For the seventh consecutive year, women reported being less satisfied with their jobs than men, according to a survey from the Conference Board out this week.
Why it matters: Women make up nearly half the workforce, and employers need to attract, hire and retain them.
State of play: In almost every aspect of work the Conference Board asked about, from pay to quality of leadership and benefits, women were less happy.
- The biggest divergences were in their feelings about the company bonus plan, opportunities for future growth and health benefits.
The big picture: Considering the long-standing gender gap in pay and other inequities at work, perhaps it's not shocking that there's also a difference in the way men and women feel about their jobs.
Zoom in: The gap between men and women wasn't very wide, and sometimes didn't exist at all, in the first few years after the Conference Board started tracking this in 2011.
- But in 2017 it broadened out.
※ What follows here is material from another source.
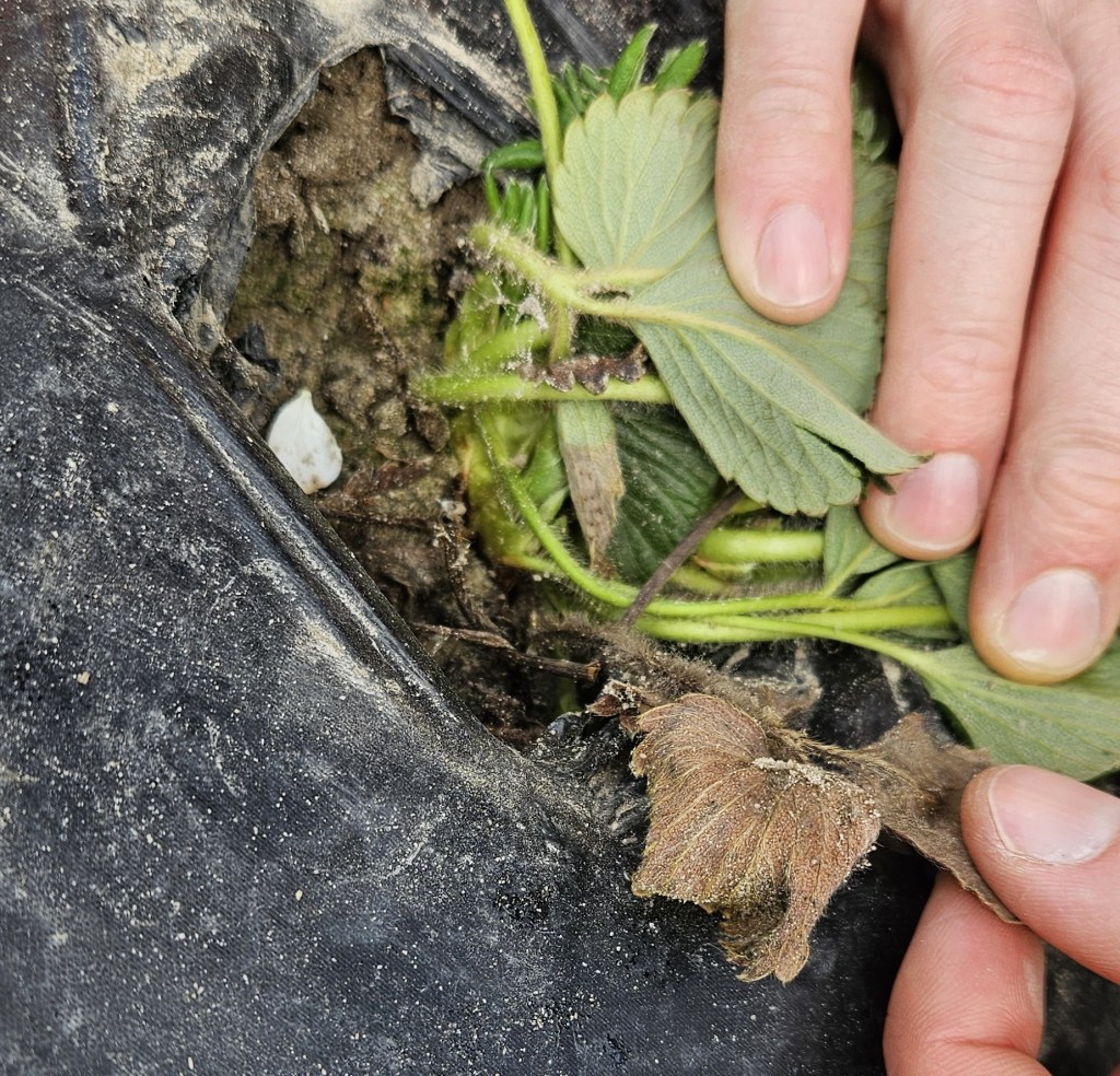 - I would encourage growers to scout strawberries closely for spider mites. They are difficult to see, so take your time and use a 10x magnifier to identify them. I also encourage full-leaf and petiole tissue samples now. The leaf sample will help identify the current nutrient status, and the petiole nitrate sample will help with nitrogen management.

That coincides with the emergence of #MeToo, effectively a nationwide feminist consciousness-raising.
- In the wake of the sexual assault revelations about Hollywood producer Harvey Weinstein, women started speaking up about discrimination and harassment in the workplace — with stories in the press emerging seemingly every day.
Between the lines: With more conversation and attention paid to gender inequality, women were perhaps more likely to see and recognize the sexism they'd previously written off.
Women are also more likely to be juggling family and care responsibilities, too, also dragging down workplace satisfaction.
- The satisfaction gap widened out again in 2020, when schools and day cares were closed and many women were taking on even more of this work.
- Even now, women are working longer hours outside their paying jobs on housework and childcare, the Department of Labor's deputy director Tiffany Boiman told Axios recently, pointing to data from the American Time Use Survey.
- "This is definitely making them feel squeezed," she said.